Le marché du réemploi repose sur trois éléments clés : l’innovation, la standardisation et la mutualisation. Parmi ces trois, la mutualisation est particulièrement essentielle, car elle implique une coopération étroite entre tous les acteurs de la chaîne, des producteurs aux distributeurs en passant par les prestataires de services. Cette collaboration est indispensable pour faire avancer la transition vers un système de réemploi efficace.
Cependant, en pratique, cela n’est effectivement pas toujours simple. Nous nous efforçons de nous inscrire pleinement dans cette dynamique, notamment en faisant partie du réseau Vrac & Réemploi, un collectif qui regroupe des entreprises et des acteurs de l’écosystème engagés dans le réemploi des emballages.
Quels sont vos objectifs pour l’avenir et comment envisagez-vous l’évolution de votre entreprise ?
Nous avons l’ambition de passer à l’échelle industrielle. D’ici 2023-2024, nous prévoyons de traiter des millions d’emballages par an. Ensuite, l’objectif est d’atteindre des dizaines de millions d’emballages, puis de franchir le cap des centaines de millions.
Pour cela, il est essentiel d’avoir une infrastructure adaptée. Cette année, nous avons ouvert un nouveau centre de lavage à Strasbourg. Le nouveau site de Strasbourg, pour lequel a été injecté un investissement de 3,5 M€, est grâce à sa proximité avec l’Allemagne, le Luxembourg et la Suisse stratégique pour nous. Le site est certifié ISO 22000 et ISO 9001 pour garantir des standards de qualité et de sécurité. Parmi les premiers clients, on retrouve L’Alsacienne de Restauration, API, HOPLUNCH, et plusieurs industriels du secteur agroalimentaire.

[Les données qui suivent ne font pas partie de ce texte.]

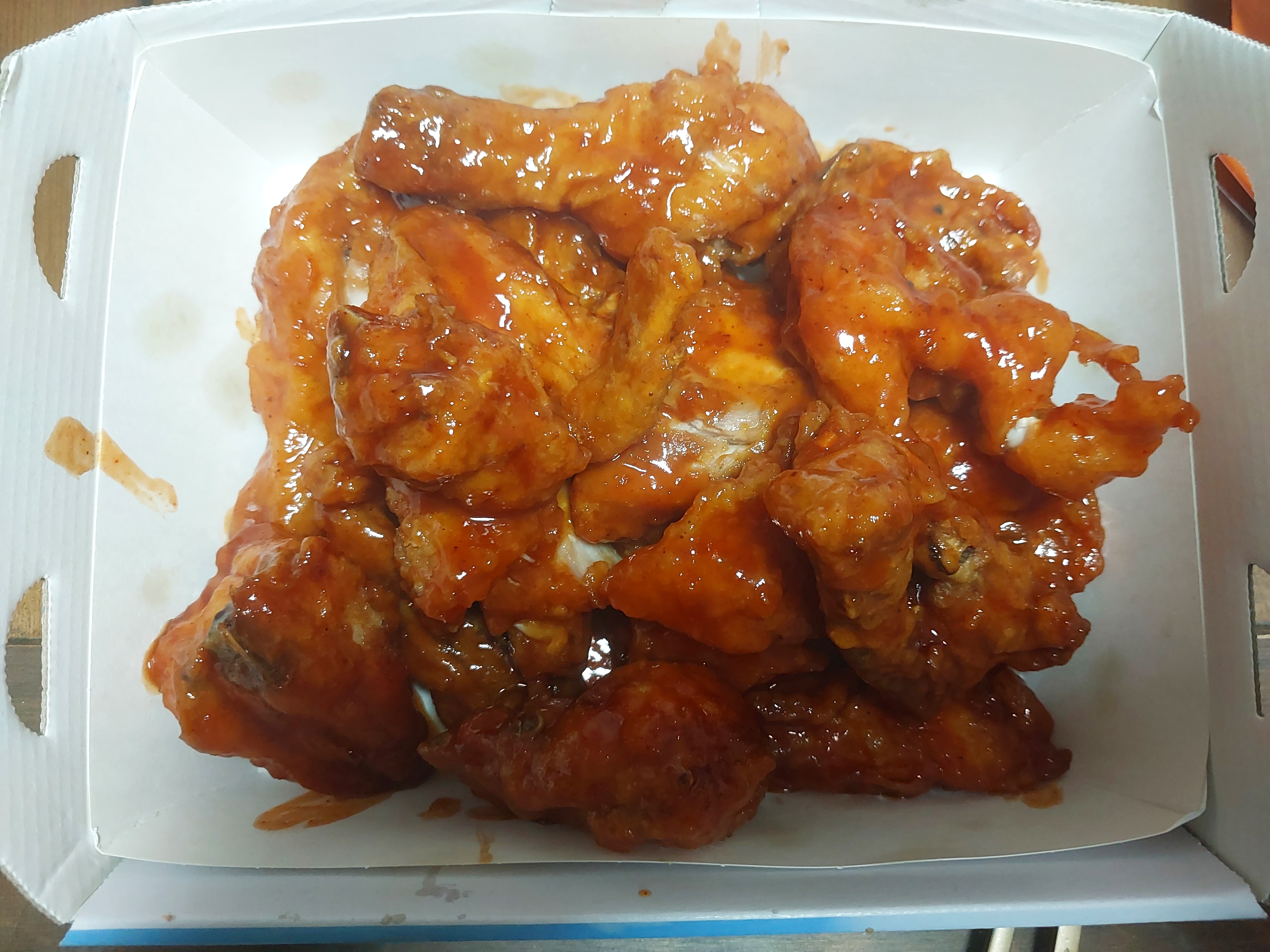 BBQ에서 신메뉴인 가루없는 뿜치킹 구입.
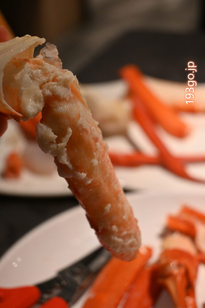 近寄ってみると、極太のタラバガニや紅ズワイガニ、伊勢海老に上海ガニ、ホタテ、ハマグリ、牡蠣…豪華シーフードがてんこ盛り!
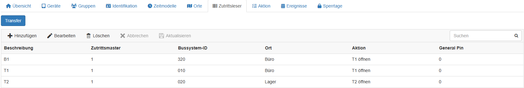 In der Tabelle Zutrittsleser muss jedes Gerät der Zutrittskontrolle eingetragen werden. Die Tabelle gibt dabei an, wie die Einzelnen Geräte der Zutrittskontrolle miteinander verbunden sind. Die Einstellungen "Zutrittsmaster" und "Bussystem-ID" müssen nur einmalig beim Errichten der Anlage angegeben werden.

À terme, nous prévoyons d’implanter nos sites de lavage dans 8 bassins de population, couvrant ainsi 90% de la population à moins de 200 km.

L’avis de FoodBiome
Aujourd’hui, l’économie circulaire s’impose comme un levier stratégique pour renforcer l’impact environnemental et la compétitivité des chaînes alimentaires de proximité. En abordant la question du nettoyage des emballages et de son passage à l’échelle, Uzaje contribue à l’instauration d’une nouvelle boucle d’économie circulaire. Cette initiative encourage l’adoption de nouvelles pratiques et souligne l’importance de la coopération entre l’ensemble des acteurs (distributeurs, industriels, pouvoirs publics) pour réussir ce passage à l’échelle. Finalement, Uzaje illustre parfaitement cette nouvelle génération d’infrastructures de proximité que FoodBiome conçoit et accompagne ; et favorise la création de réseaux distribués d’acteurs de taille intermédiaire qui viennent renforcer la résilience alimentaire des territoires.